Feb. 13th, 2009 03:29 amI'm hoping to do more reading this year, newly purchased television notwithstanding. Here's some of what I've been reading.
Currently Reading
Short Fiction
Currently Reading
- The Haunting of Hill House—Shirley Jackson. I've made considerably more progress since the last time this book went AWOL, and I'm enjoying it. I saw the 1999 version of the film, and thought it was awful, but saw enough interesting things in the margins to make me think that the book would be reading (especially after I learned it was by Jackson).
- City of Quartz—Mike Davis. One of my goals this year is to learn more about the history of the Los Angeles area of Southern California.
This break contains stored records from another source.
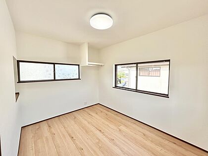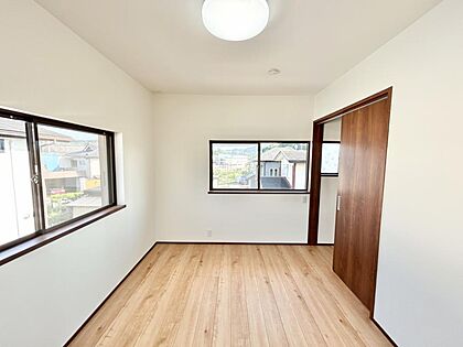【リフォーム済】2階東側約6畳和室 2面の窓からの明るい日差しが入ってきます。
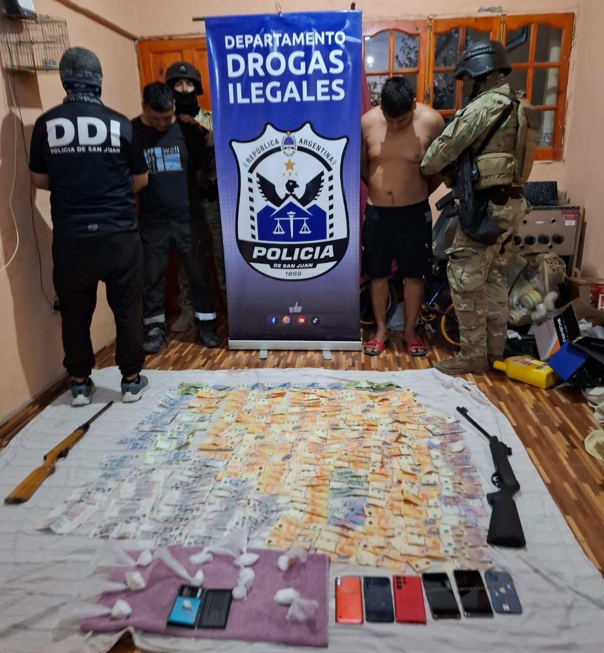 Una investigación policial permitió desbaratar una red dedicada a la venta de cocaína en el departamento Chimbas, tras una serie de allanamientos realizados de manera simultánea en distintos barrios de la zona.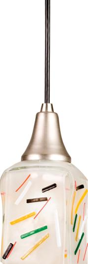 Yellow, Green Red, White and Black streamers are hot fused together and fired again to fall into a cube draped shape. Handmade by Meyda Craftsmen the shade with Brushed Nickel hardware and round black cord is muy caliente.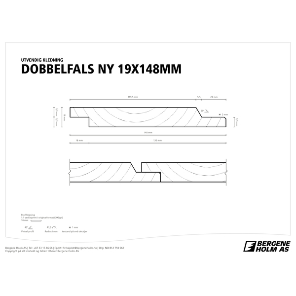 Dobbelfals Ny, også kalt Dobbelfals 60 grader, er falset og høvlet med en rett side og en 60° fas på den andre. Kledningen er endepløyd og monteres ofte liggende. En av Norges mest brukte kledningsprofiler. Kledning i gran, behandlet med en hvit dekkende vanntynnbar alkyd-/akrylgrunning som påføres på 3 sider av bordet. Grunningen er diffusjonsåpen, værbestandig og inneholder soppdrepende midler. Anbefales overmalt senest innen 2 år Denne varen er produsert i Norge og er PEFC-sertifisert for garantert bærekraftig tre og har lang levetid ved riktig bruk. Livsløpsanalyse, påvirkning på miljø og lagring av karbon er dokumentert gjennom EPD og EcoProduct.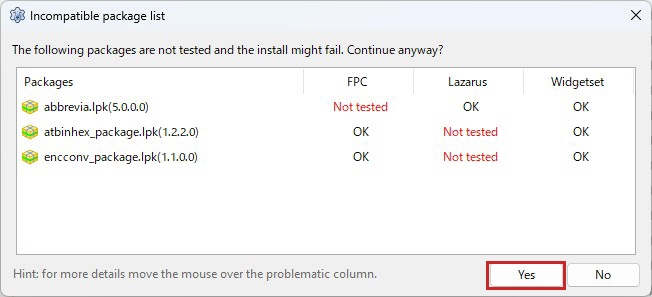 ただし、うまくマインストールできないものや、Lazarus IDE の挙動が変ってしまうものもあるので注意して下さい。
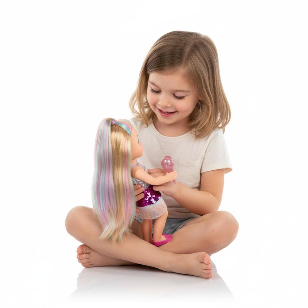 Muñeca Cantante con Micrófono y Luces LED Multicolor 34cm Musical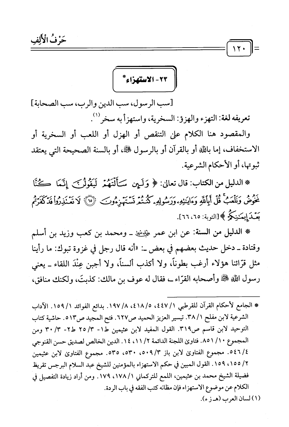 * الجامع لأحكام القرآن للقرطبي ١/ ٤٤٧، ٥/ ٤١٨، ٨/ ١٩٧. بدائع الفوائد ١/ ١٥٩. الآداب الشرعية لابن مفلح ١/ ٣٨. تيسير العزيز الحميد ص ٦٢٧. فتح المجيد ص ٥١٣. حاشية كتاب التوحيد لابن قاسم ص ٣١٩. القول المفيد لابن عثيمين ط ١ - ٣/ ٢٥ ط ٢ - ٣/ ٣٠ ومن المجموع ١٠/ ٨٥١. فتاوى اللجنة الدائمة ٢/ ١١، ١٤. الدين الخالص لصديق حسن القنوجي ٤/ ٥٤٦. مجموع الفتاوى لابن باز ٣/ ٥٠٩، ٥٣٠، ٥٣٥. مجموع الفتاوى لابن عثيمين ٢/ ١٥٥، ١٥٩. القول المبين في حكم الاستهزاء بالمؤمنين للشيخ عبد السلام البرجس تقريظ فضيلة الشيخ محمد بن عثيمين، اللمع للتركماني ١/ ١٧٨، ١٧٩. ومن أراد زيادة التفصيل في الكلام عن موضوع الاستهزاء فإن مظانه كتب الفقه في باب الردة.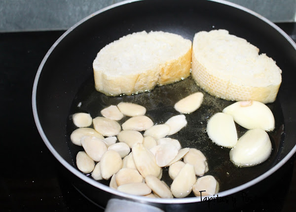 En una sartén con aceite freimos las almendras, los ajos y el pan, hasta que estén dorados, pero que no se nos quemen.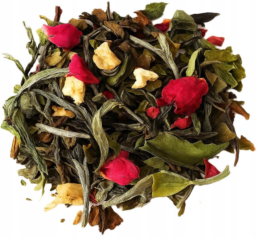 Subtelna i zmysłowa mieszanka, która łączy delikatność białej herbaty z kwiatowym aromatem róży i owocową świeżością malin. Idealna na chwilę odprężenia w ciągu dnia lub wieczorny relaks.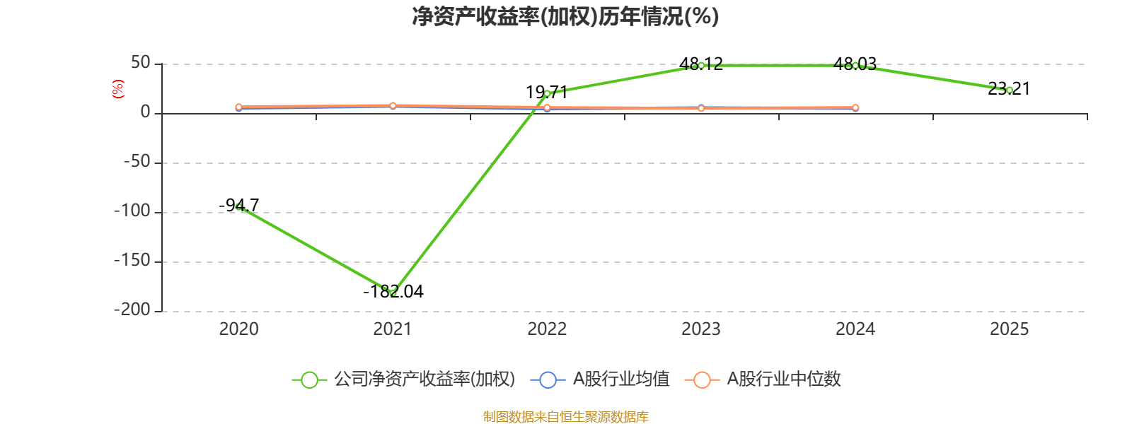 数据显示,2025年公司平均净资产收益率为23.21%,较上年同期下降24.82个百分点。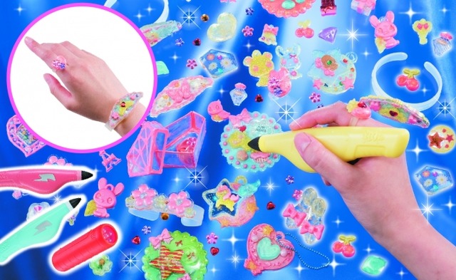 新発売の「クリスタルアクセサリーセット」には、新色のクリアインクペンとパールピンク・ラメイエローペン、デコレーション用のブレスレット・リングパーツなどが入っており、クリスタルのような透明感の美しいレジン風アクセサリーを簡単に作ることができます。付属の3Dプリントパーツを使えばぷっくりとかわいい立体的なアクセサリーやデコレーションパーツが作れ、さらにクリアインクと組み合わせて使う「デコフィルム」や女の子の大好きなラインストーンもセットになっているので、アレンジの仕方は無限大!自分だけのオリジナルアクセサリー作りをたっぷりと楽しむことができます。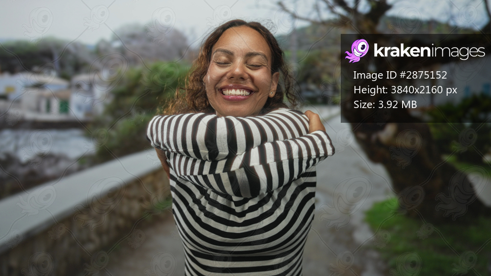 Woman with arms extended reaching toward camera on street promenade by the seaside, smiling with eyes closed; joyful embrace.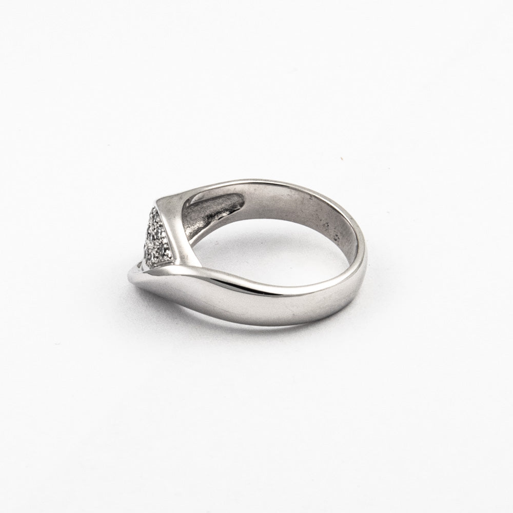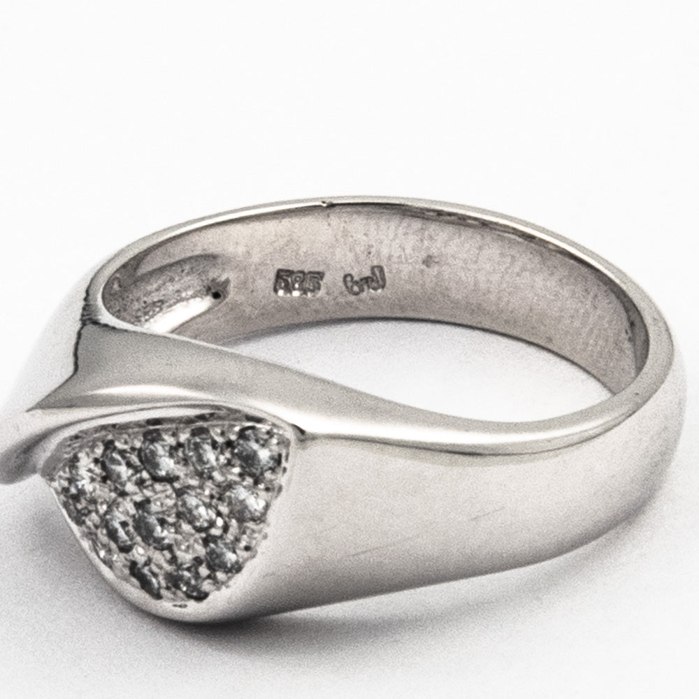 Bei dem Schmuckstück handelt es sich um einen Ring aus 585 Weißgold mit 14 Brillanten von zusammen ca. 0,14 ct in der Qualität Weiß mit sehr kleinen Einschlüssen (W/vs).

Davis's outlook feels overly Marxist to me—one endnote bewilderingly asks the writer for sympathy toward Aleister Crowley because he once wrote letters to Trotsky. But while I sometimes question the conclusions, the far-left position provides a good vantage point to deconstruct the various mythoi of Los Angeles across its history. Sadly, my library branch did not have the revised edition.
- How Did You Get to Be Mexican?: A White/Brown Man's Search for Identity—Kevin R. Johnson. I was about to put this in finished books, but I just recalled that I haven't read the final chapter. I have mixed feelings about it. The theoretical sections are interesting, and because Johnson is a law professor, I have access to most of his cited sources at my workplace. On the other hand, the autobiographical sections feel meandering, as though he were shying away from driving strongly toward a thesis (in many cases, perhaps, in deference to those in the field in which he still works).
- Továngar = World: A Gabrieliño Word Book—Anne Galloway. Only a smattering of words from the language spoken in Los Angeles before Spanish colonization. I had been hoping for more information.
- Unmasking L.A.: Third Worlds and the City—Deepak Narang Sawhney (ed.). The book contained the line I criticized earlier. It was an uneven collection of work, and I ended up skipping much of it. It did point me toward City of Quartz, because nearly every essay derived in some way from the line of thinking put forth in Davis's book. In retrospect, I think that the reliance is in some cases so strong that the Quartz (or some other legend) is needed like to prevent the slide into incomprehensibility. That line still doesn't make any sense, though.
- I would've sworn I read something else last month. I need to look more closely.
Short Fiction
- "Until Forgiveness Comes—K. Tempest Bradford. Perhaps I'm a little weird in that the facts of the story—a terrorist attack and the discourse over how it should be remembered—pale in comparison to my interest in the form of the story. Bradford has an excellent grasp of the rhythm of an NPR segment (down to the reporter, with a name suspiciously and whimsically similar to the "musical" Sylvia Poggioli), to the point where I could easily hear the ever-present, but rarely informitive ambient sound that would accompany the piece. Made me tear up at work, which makes it memorable.
- "The Men Burned All the Boats"—Patricia Russo. As a tale told in dialogue, it's hard to tell at first, whether the protagonist is simply being ironic. But while there is certainly a great deal of deception, the core of grief and despair clarifies itself, and is not overtaken by hope.
It made me think that there's a tendency in all storytelling—though particularly, I suspect, in science fiction and fantasy—to use Hope as not merely a cure for grief, but nepenthe, relief by forgetting, or ignoring, or otherwise discounting the source of grief. In that context, the narrator's commitment to mourning is a brave and startling decision, one that challenges the reader to imagine what is to come, but what has gone before, which is far more than merely the boats that were burned.